People put up with the impersonal experience of massive marketplaces like Amazon for the discounts, the ability to deliver within 24 hours, and other “super powers that compensate for the lack of authenticity,” Perry said. What sets small business owners apart is that they care about the purchase, the conversation, and who you are.

While bots offer small business owners greater efficiency that allows them to compete with the Amazons of the world, Perry said he doesn’t know if the potential loss of human “authenticity” is going to take away their edge. “That is my biggest fear,” he said, “I talk to my wife about this. I lose sleep over this.”

Where Shopify can help, Perry said, is in understanding the plethora of things small business owners don’t have time to tackle — tasks like marketing, loyalty programs, logistics, bookkeeping, taxes, and other roles a small business owner would like a full-time employee to handle if only they could afford the salary.

Perry said he has been confronted at conferences and other public events when he mentions automation and the idea of a computer doing a job that would have belonged to a human in years past. He does not believe Kit is taking any human’s job away, because the businesses Kit helps can’t afford to hire a full-time promoter or advisor but can afford to hire a part-time virtual assistant powered by artificial intelligence.

“I’m going to eat all these roles so that this guy can just spend his time focused on two things: his product and his customers, because at the end of the day, for a founder, those are really the two most important things,” Perry said.

Customer interaction in a small business should remain “an intimate experience,” he added. Bots shouldn’t stand in the way of that.

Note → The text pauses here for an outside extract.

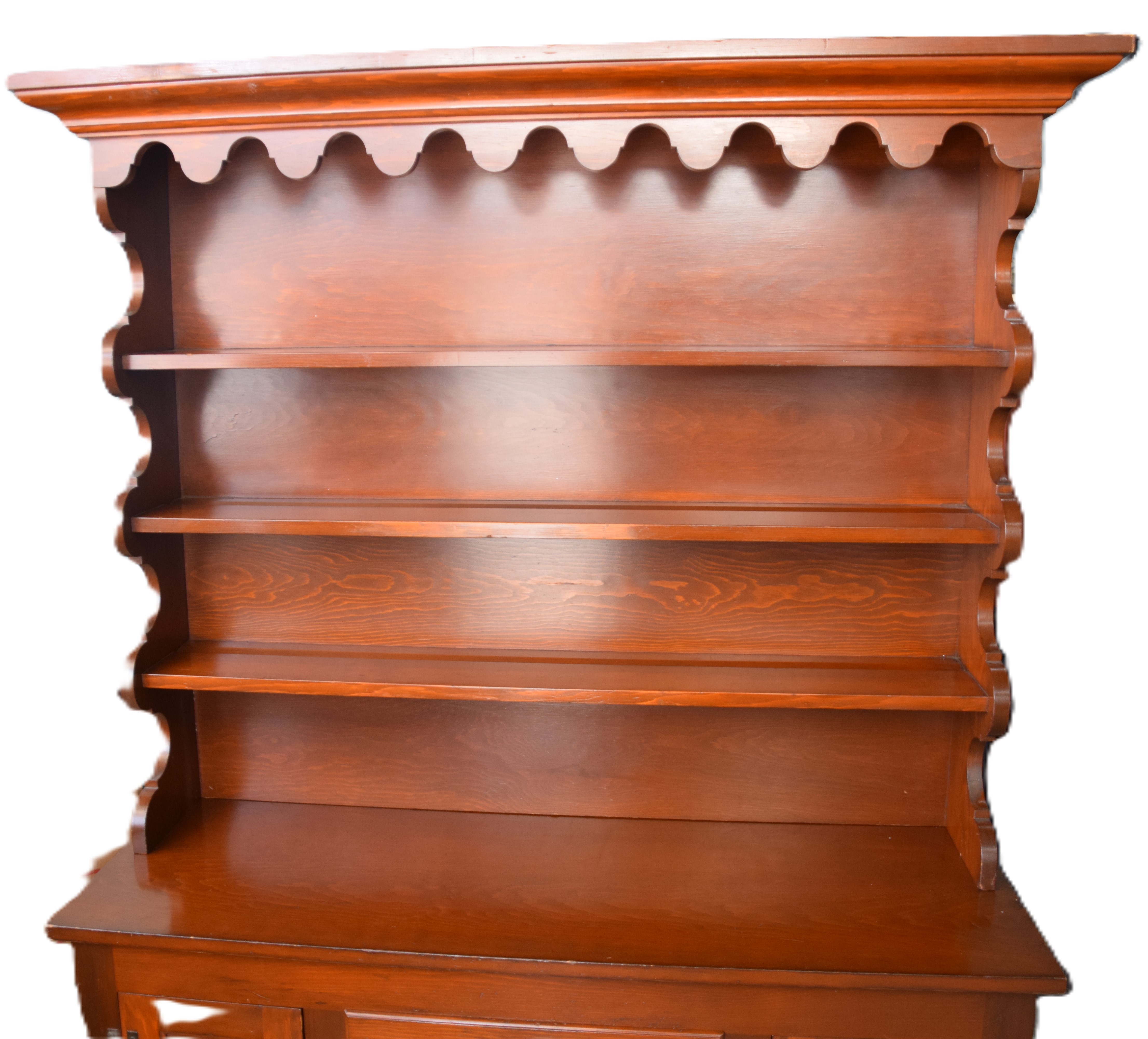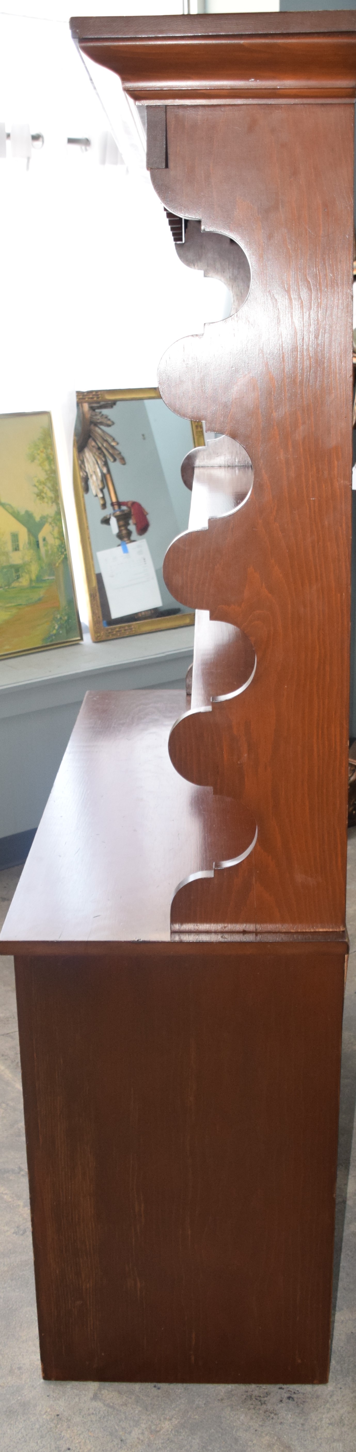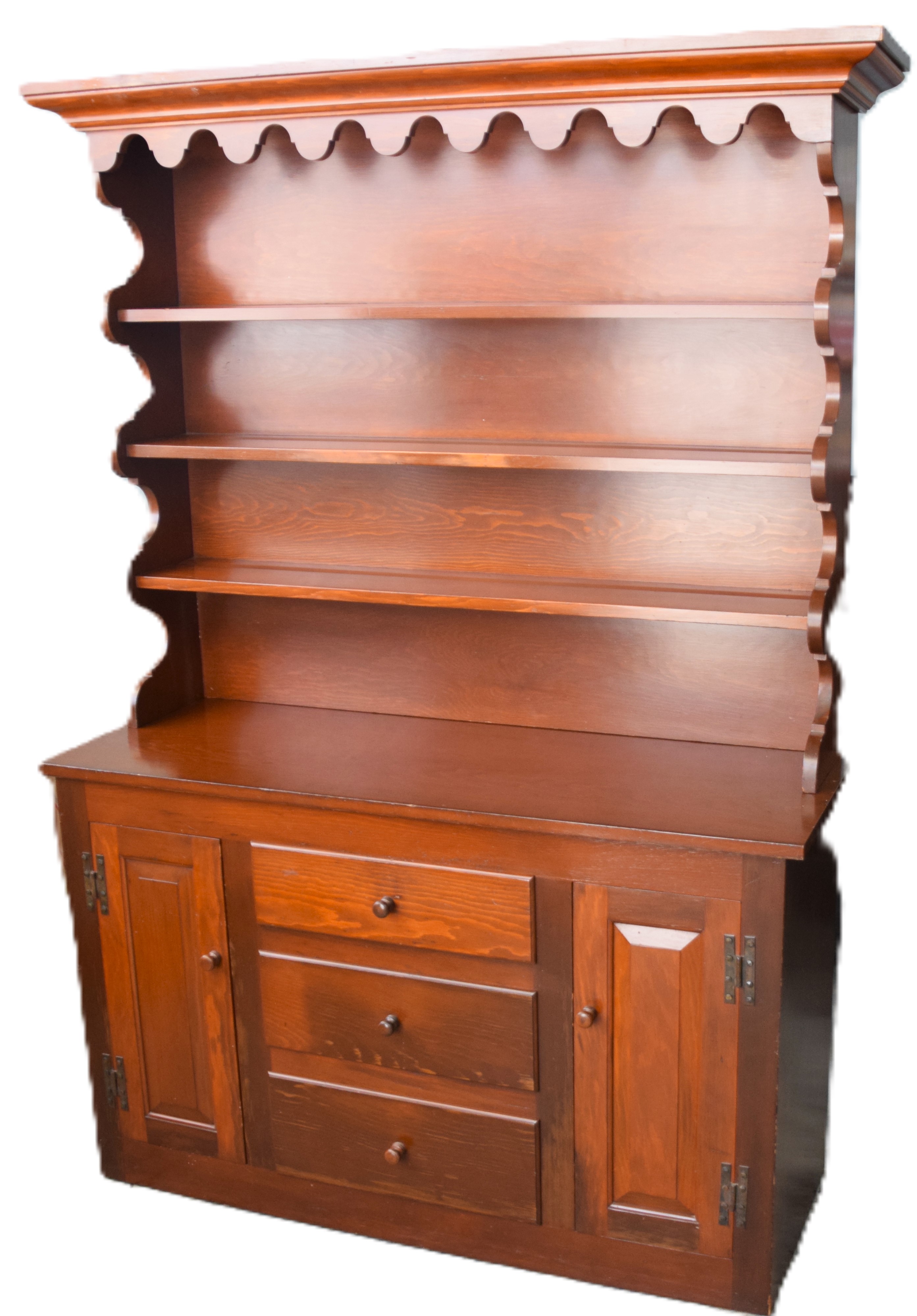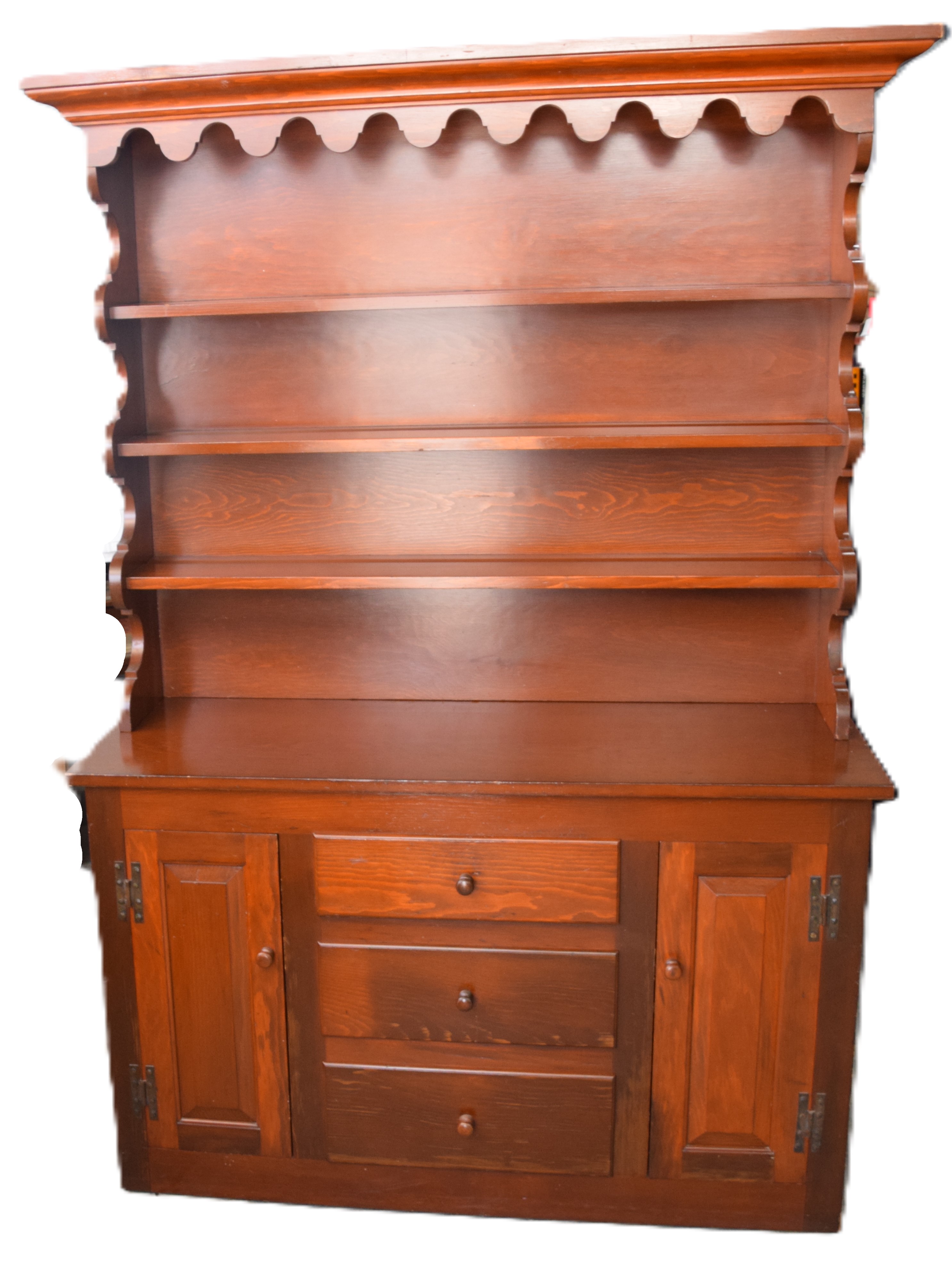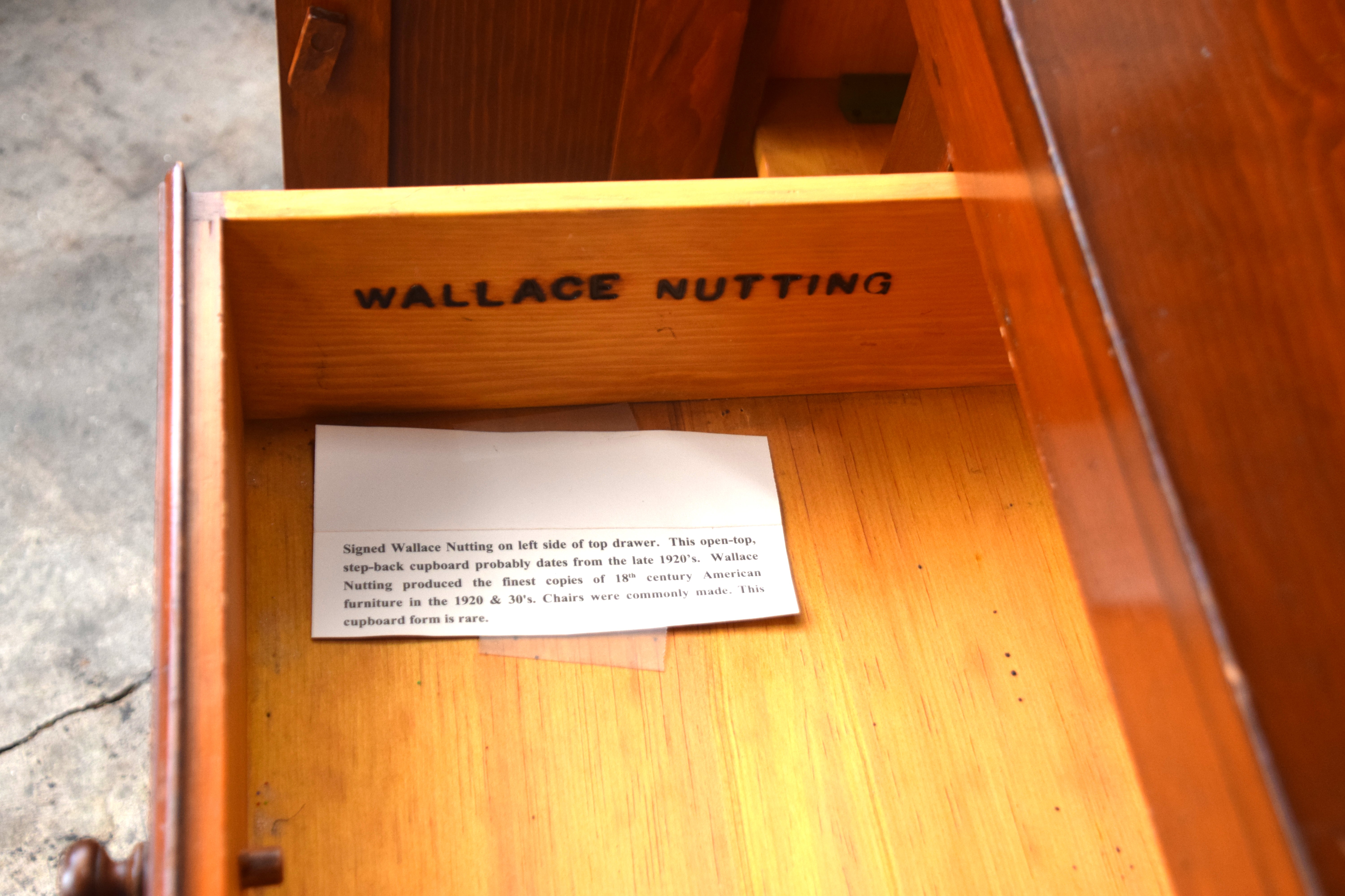 Fine two-part pine Wallace Nutting cupboard molded scalloped top. Plate grooved shelves, with lower section with three drawers, flanked by two raised paneled doors with “H” hinges. Top drawer stamped with “Wallace Nutting”. This cupboard is probably from the 1920s era. Dimensions: 75″ H x 51″ L x 18.5″ D

“I can talk to a small merchant in New Zealand about his beef jerky and have a conversation with him about it the same way as if I physically walked into a store. So anytime you can take this physical experience that’s really magical, that makes it worth continually paying a premium,” he said.  “If you want to buy from a small business owner, and you take that into the digital world, that is a very special moment, that’s a privileged conversation to have with your customers at scale.”